CTA is widely available and is a quick imaging exam with few complications, generally useful for preoperative study of the underlying disease (trauma, tumor, recipient vessels availability, etc.) of patients who require free flap reconstruction. It allows knowing in great detail the vascular anatomy of the inguinal area, including origin and branching pattern of SCIA and its perforators. Other nearby vessels, such as the superficial inferior epigastric artery and superficial external pudendal artery, can be studied as well. In addition, the caliber and relations between these vessels can be evaluated, selecting the most suitable for the flap.

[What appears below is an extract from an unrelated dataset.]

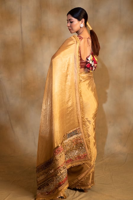 Gold silk tissue saree featuring handcrafted upcycled palla with zardozi borders and kiran finish. Comes with an unstitched blouse piece.

Using our proposed method, we analyzed 160 perforating sites in 80 inguinal areas; points D and S were identified and marked on the skin surface in all cases. We raised 43 SCIP free flaps with 100% of concordance between the predicted anatomy of the perforating sites by CTA and surgical findings. In this way, we can point out the following advantages of our method as follows:

1. Perforator vessels analysis on CTA can be performed by the surgeon, without needing radiologists report. The anatomy of the vascular, lymphatic, and muscular structures of the inguinal area can be evaluated, facilitating the subsequent dissection.

2. Identifying points D and S provide more information and aids, more predictable dissection throughout the surgery, considering the course of the medial perforator at different levels.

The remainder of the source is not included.